A typical resistance welding setup (Figure 1) consists of a power supply, a weld head, electrodes, and, optionally, an external monitor. This is the same whether they are implemented for manual production or installed in an automated line. The power supply creates the energy, the weld head exerts the force, the electrodes make contact with the parts, applying the force and delivering the energy, and a monitor ensures the parameters set in the weld schedule are met.

Let’s look specifically at the weld head and the various options to consider when selecting one for your resistance welding application.

Selecting a Suitable Weld Head

The weld head applies the force onto the parts to be welded, and, combined with the electrodes, provides the current path to the material. Weld head types include manual, pneumatic, motorized servo and electromagnetic, classified based on their actuation technology. Figure 2 offers an overview of these types.

Proper weld head selection is essential to ensuring a successful resistance welding process. When choosing a weld head, consider its force, dynamics, electrode configuration and weld head configuration. We will cover each of these in more detail in the following sections.

Force

Force is the amount of pressure the electrodes will exert on the parts and is one of the primary factors determining success of a weld.
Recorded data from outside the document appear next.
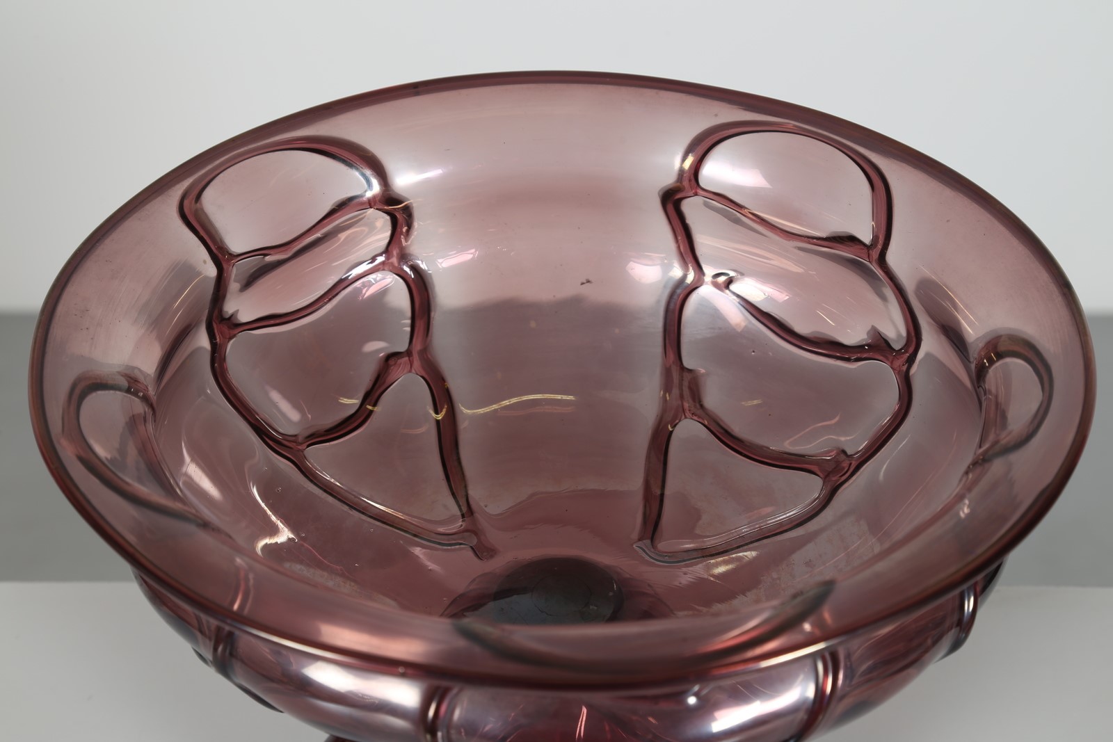 ZECCHIN VITTORIO (1878 - 1947) Grande alzata in vetro con applicazioni a caldo in ametista, per M.V.M. Cappellin, anni 30. -. Cm 33,00 x 23,50.
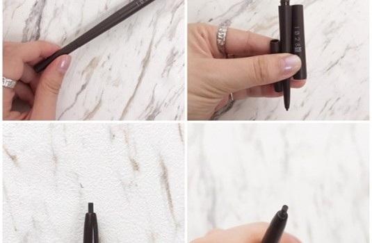 它的筆芯為1.5mm,非常細,質地偏硬有點像鉛筆的質感,可以輕易勾出自然毛流。質地較硬有幾個好處,像是重複塗畫時不容易結塊、顏色比較持久,但相對的顯色度就是中等,顏色不會太重比較自然,很適合新手使用。
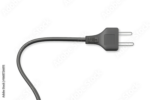 Flat black AC power plug with two vertical blades and slightly curved cord on transparent background. Concept of practical connectivity
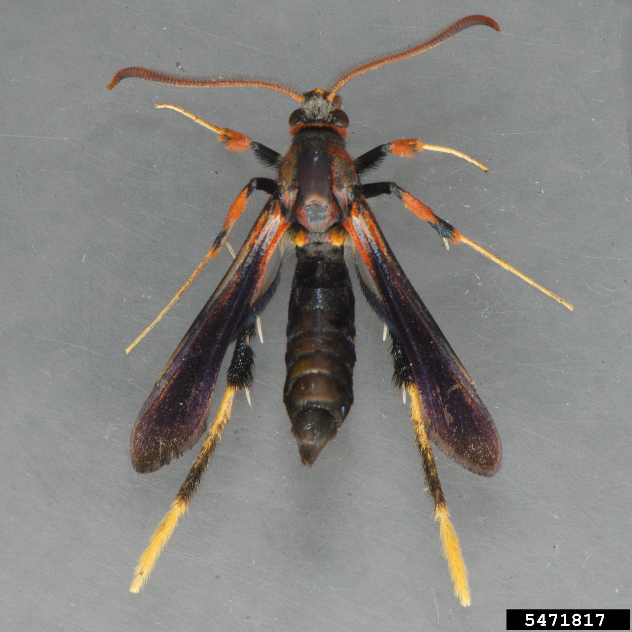 - Figure 18. Clearwing moths resemble wasps. This species, the ash clearwing borer, could be mistaken for a paper wasp or red wasp. (Photo credit: Mark Dreiling, Bugwood.org)
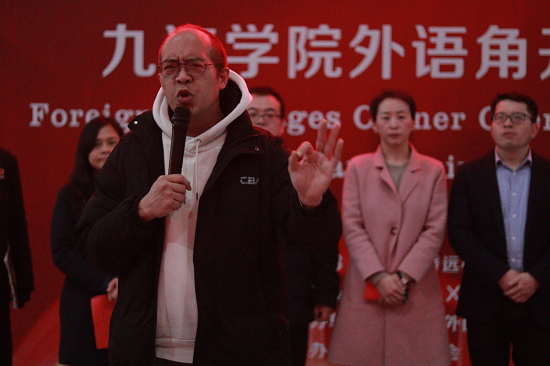 在激情洋溢的英文致辞中,我校外国语学院院长周志高表示:“外语是走向全球的工具,也是传播中华文化、中国精神的利器。外国语学院师生要以‘学好外国语,做好中国人'为己任,在学习外语的同时,感受中外文化的精彩,向世界讲好中国故事。”
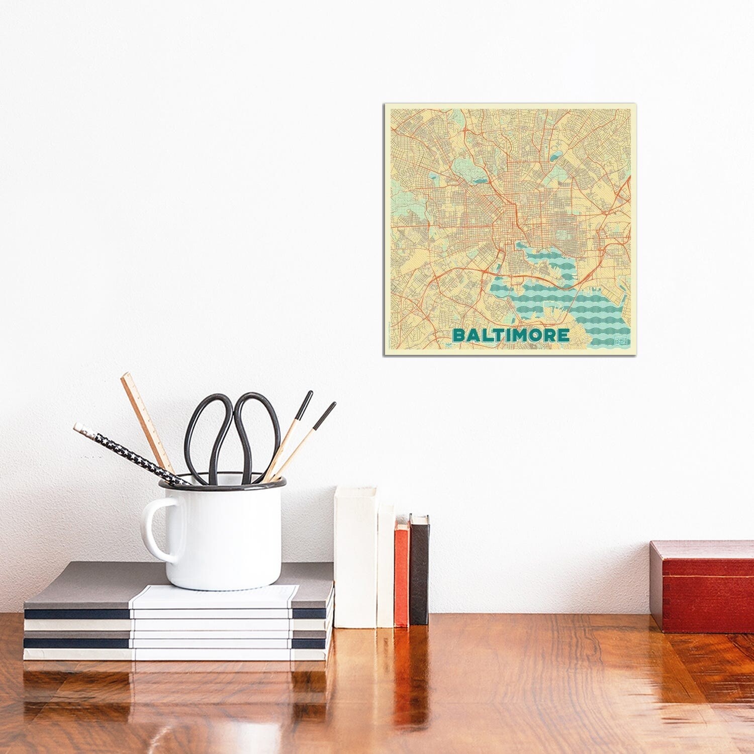 iCanvas "Baltimore Retro Urban Blueprint Map" by Hubert Roguski Canvas Print
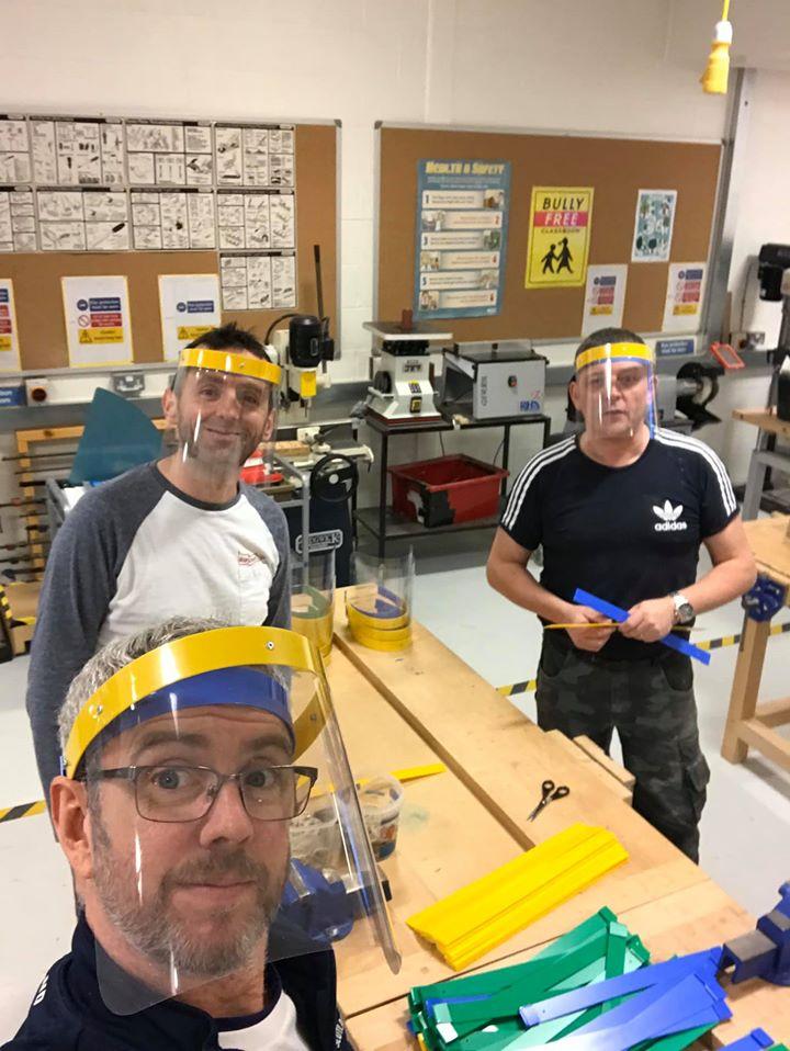 Damian Heaney, Ronnie Dott and David Berry created a prototype which was approved by the NHS, before setting about creating the visors using materials from the school’s technical department, such as acrylic, acetate and pop rivets.
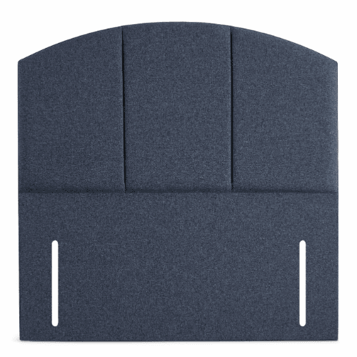 The Swanley Headboard offers a graceful and contemporary silhouette defined by its fully curved top edge, which sweeps smoothly from side to side to create a soft, elegant profile. Beneath this curved outline sit two clean vertical lines, dividing the face of the headboard into three balanced upholstered panels.
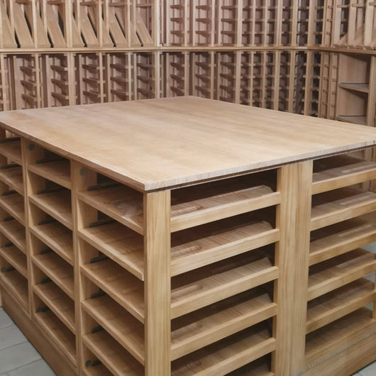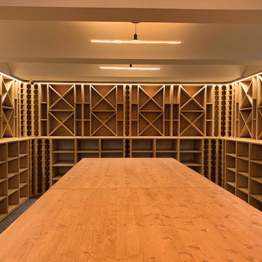 Cave climatisée avec mobilier en bois massif.
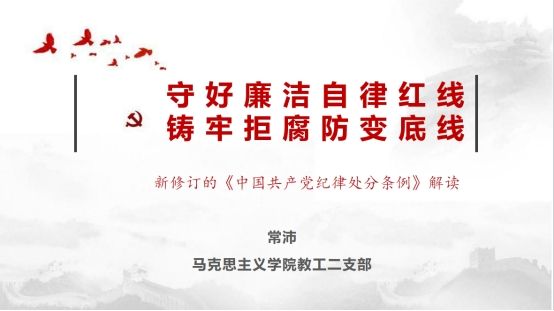 常沛以《守好廉洁自律红线 铸牢拒腐防变底线》为主题,结合新修订的《中国共产党纪律处分条例》向各位党员讲授党课。她首先强调要深刻认识修订《条例》的重要意义,深刻领悟“两个确立”的决定性意义,坚决做到“两个维护”的必然要求。其次,她从严明政治纪律和政治规矩、加强全方位管理和经常性监督、引导激励党员干部敢于担当和积极作为、坚持党性党风党纪一起抓、促进执纪执法贯通等五个方面准确把握《条例》修订的主旨要义。最后,她要求全体党员加强党纪学习教育,增强遵规守纪自觉,做好《条例》的贯彻执行。
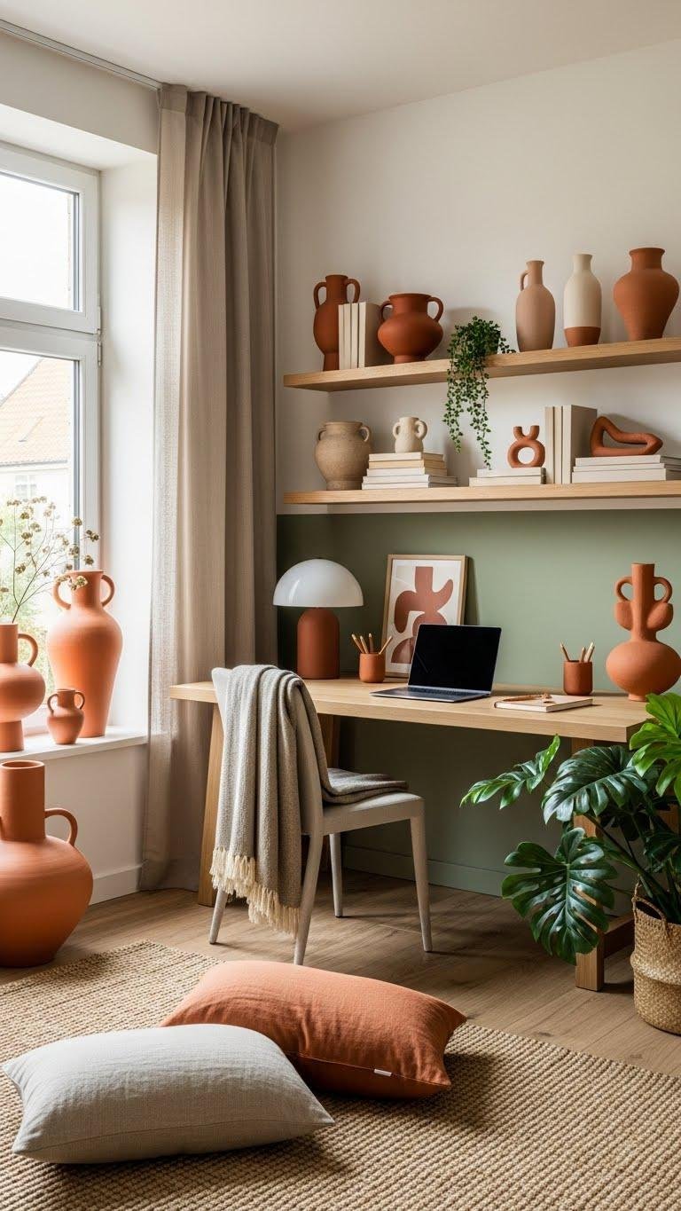 Comfort anchors a warm earthy home office, where clay, terracotta, and muted greens work together to calm your focus and sharpen your creativity.
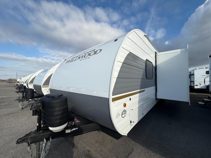 The Wildwood X-Lite travel trailers are packed with hassle-free camping amenities! There are a variety of floorplans to choose from so you can find the best one to fit your needs. The enclosed Accessibelly will help protect against the elements and debris during transport, and the exterior retro/metal redesign is sure to be eye-catching! There are stylish roller shades inside, along with updated backsplash, elegant curtain rods and curtains, plus many more interior comforts! Choose a Wildwood X-Lite travel trailer today for quality and value!
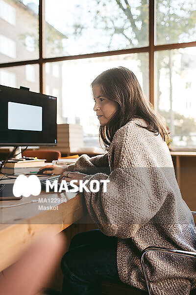 Fokuserad kvinnlig entreprenör skriver på tangentbord
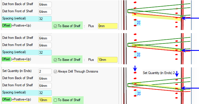 For the End panels in these examples, the Spacing of vertical holes is 32mm (highlighted in blue) and the Offset options are illustrated in yellow.
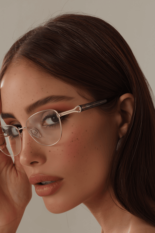 Suit frames with soft, rounded lines, avoid overly angular styles. Semi-rimless or rimless frames can accentuate the delicate features
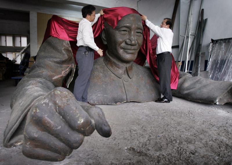 圖:島內各地近年被拆走的蔣介石銅像堆放在桃園的倉庫 資料圖片
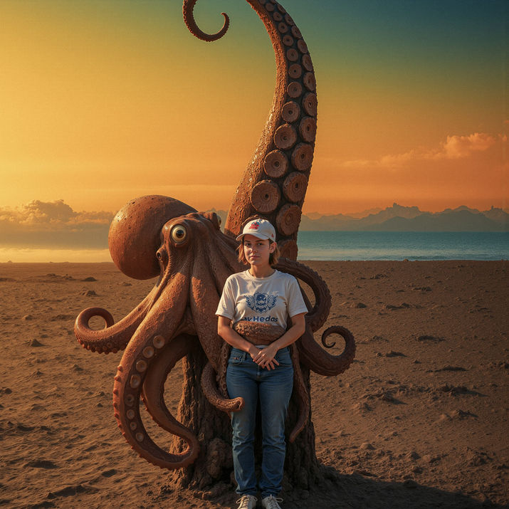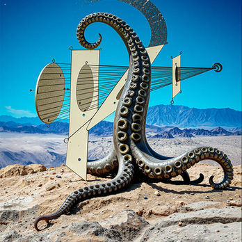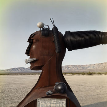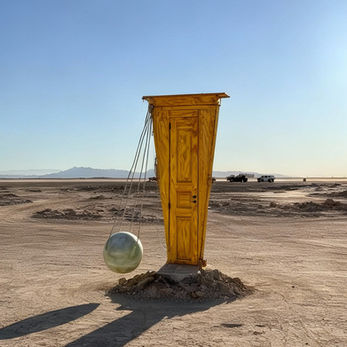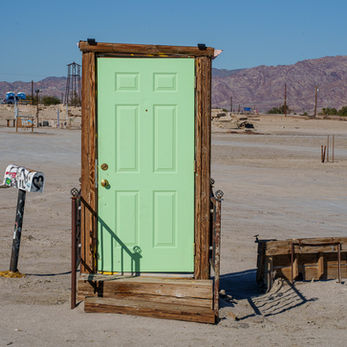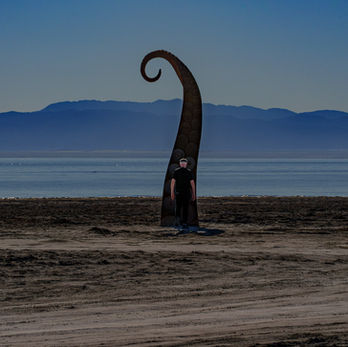 The series of images below represents a reimagined evolution of the images above, where documentary photography meets generative transformation. Using AI image prompting, multiple real moments from our trips with Russell Brown were blended, recontextualized, and re-lit to create surreal composites that extend the story beyond what the camera captured. Sculptural elements, tentacles, musical instruments, and symbolic doors emerge from the desert floor, fusing human presence with mythic forms. These AI interpretations preserve the mood and spatial memory of the Salton Sea while introducing a dreamlike logic, turning the landscapes, light-painting experiments, and spontaneous scenes into cinematic visions of imagination unbound.
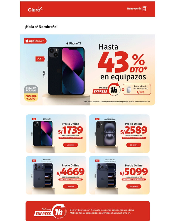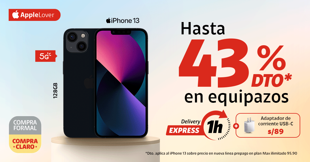 | | | |  | | |  | | Delivery Express en 1 hora valido en zonas seleccionadas de Lima Metropolitana y para pedidos confirmados hasta las 5:00 p.m. | | |  | | Con tu línea 964433480 | |  | *En Renovación. Cobertura 5G y cómo disfrutarlo en claro.pe/5g Sujeto a evaluación crediticia (clientes DNI y RUC 10). Vale al 26.01.26 y/o hasta agotar stock. Stock mín.: 3. Al contado con acuerdo de equipos a 18 meses. En renovación con acuerdo de equipos concluido. Costo de equipo no incluye costo del plan. Restricciones: tiendaclaro.pe | | | ¡Suma Claro puntos! Por pagar a tiempo tu recibo, ya tienes Claro puntos acumulados. | | |  | ¡Canjea Claro puntos por un descuento adicional! Consúltalo con tu asesor y obtén un descuento mayor para tu equipo. Ver Equipos | | | |  | | | Tienda Claro | | Encuentra las mejores marcas en equipos y accesorios. | | | | | | | | | |
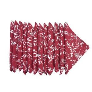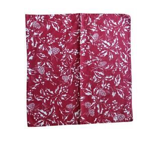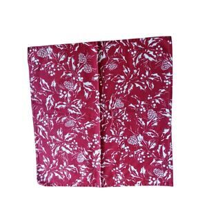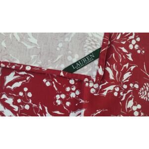 Set of 12 Ralph Lauren Holiday Winter Dinner Napkins Bowen Pinecones Red Silver White. 20" x 20". The design of the napkin is "Bowen". The napkins are a deep red/burgundy and white with holly, berries, leaves and pine cones with silver accents. In very good pre-owned condition.
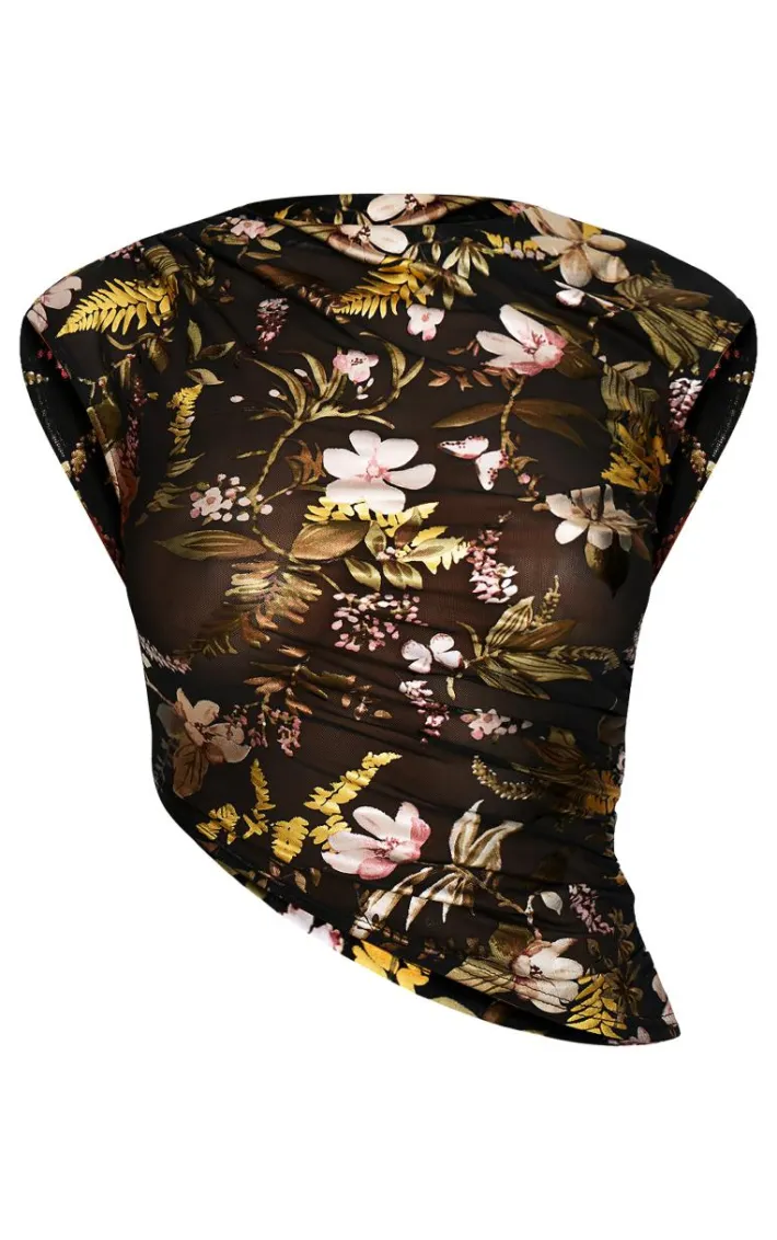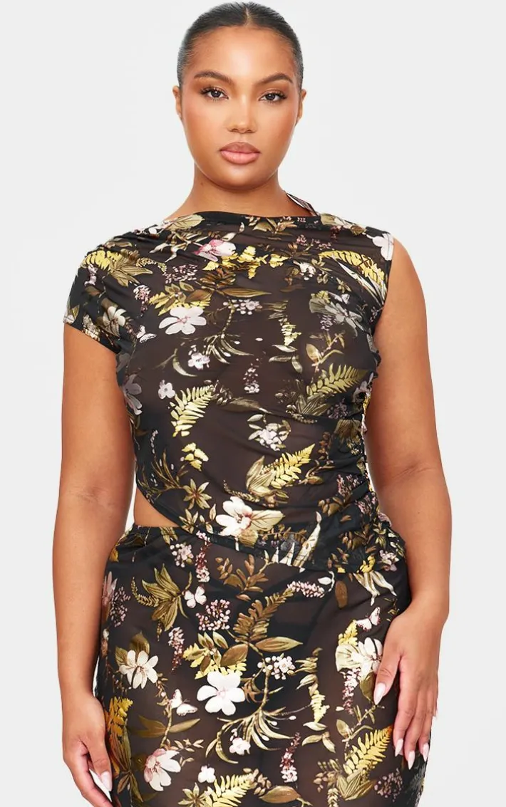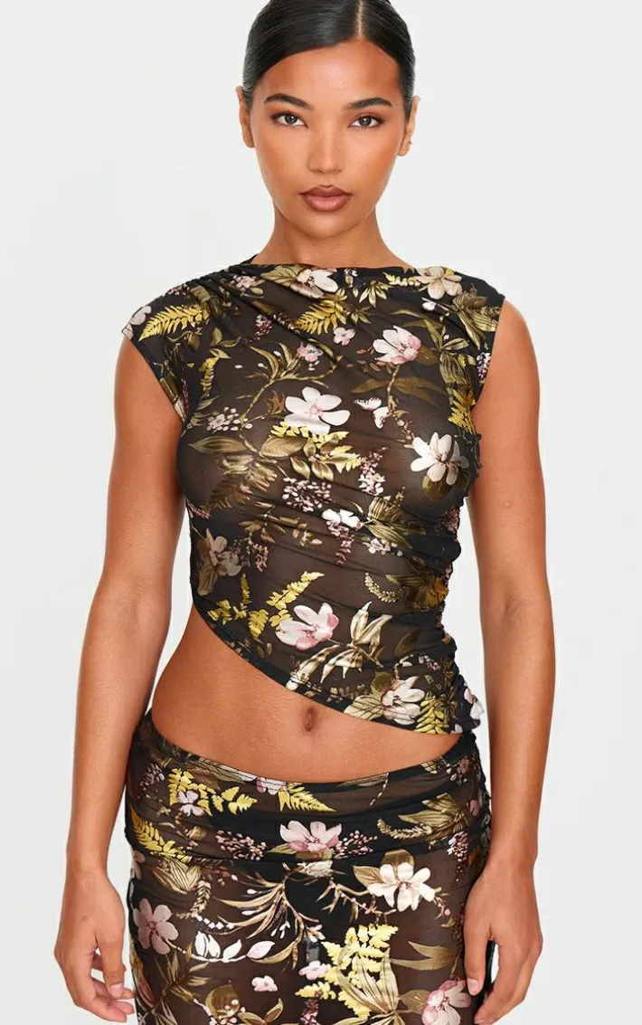This black floral foil printed mesh ruched crop top is a must have this season. Brought to you in a black hue mesh material with a floral foil printed design and ruched detailing, this crop top is all the new you need. Team with the matching maxi skirt, high heels and gold accessories for an elevated finish.
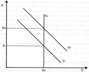 Цена на недвижимость, в том числе и на землю, определяются? таким образом, только спросом. Уменьшение спроса от D0 до D1 привело к снижению цены от R0 до R1.
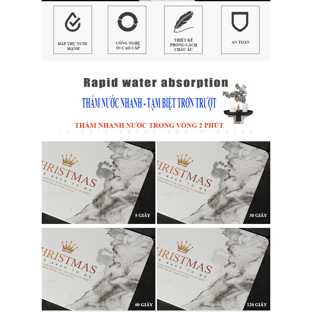 Nhờ có vô vàn lỗ nhỏ li ti trên bề mặt diatomite với đường kính 0,1 - 0,2 micromet nên thảm có khả năng thấm hút siêu nhanh và lập tức giải phóng lượng ẩm vào không khí khiến cho bề mặt thảm luôn khô ráo.Đây là sản phẩm cao cấp - Có độ dày chuẩn - Thấm hút tốt
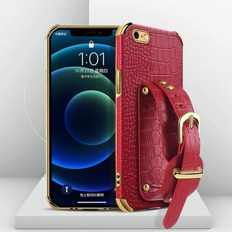 For iPhone SE 2022 / SE 2020 / 8 / 7 Electroplated TPU Crocodile Pattern Leather Case with Wrist Strap(Red)
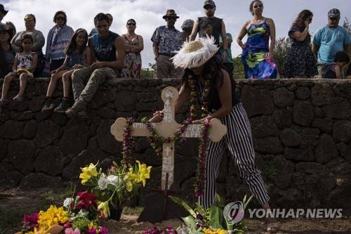 A person places a karone tiare necklace of flowers on the gravesite cross of local horse breeder and former military diver Emilio Araki during his burial at the cemetery in Hanga Roa, Rapa Nui, or Easter Island, Chile, Saturday, Nov. 26, 2022. The first Europeans arrived to Rapa Nui in 1722, soon followed by missionaries, when Rapanui religiosity began to intertwine with Christianity. (AP Photo/Esteban Felix)

Too little force – the parts will not have sufficient contact and can result in sparks and spitting of material. Too much force – and the contact resistance between the parts will be low, resulting in a cold weld. And of course, once the right force is dialed in, you want to have consistency to ensure a consistent process. The SI unit of force is Newton – which is kg m/s^2. In the US, the unit of lbf (pound force) is often used.

The amount of force needed depends on the parts themselves – materials, geometry. For micro welding, necessary force ranges from 0.39 N (40 gf) (0.09 lbf) to 490 N (50 kgf) (110 lbf).

Weld head dynamics

“Weld head dynamics” refers to the way the head moves and interacts with the parts. Regardless of actuation type, there are several phases of the motion as highlighted in Figure 3.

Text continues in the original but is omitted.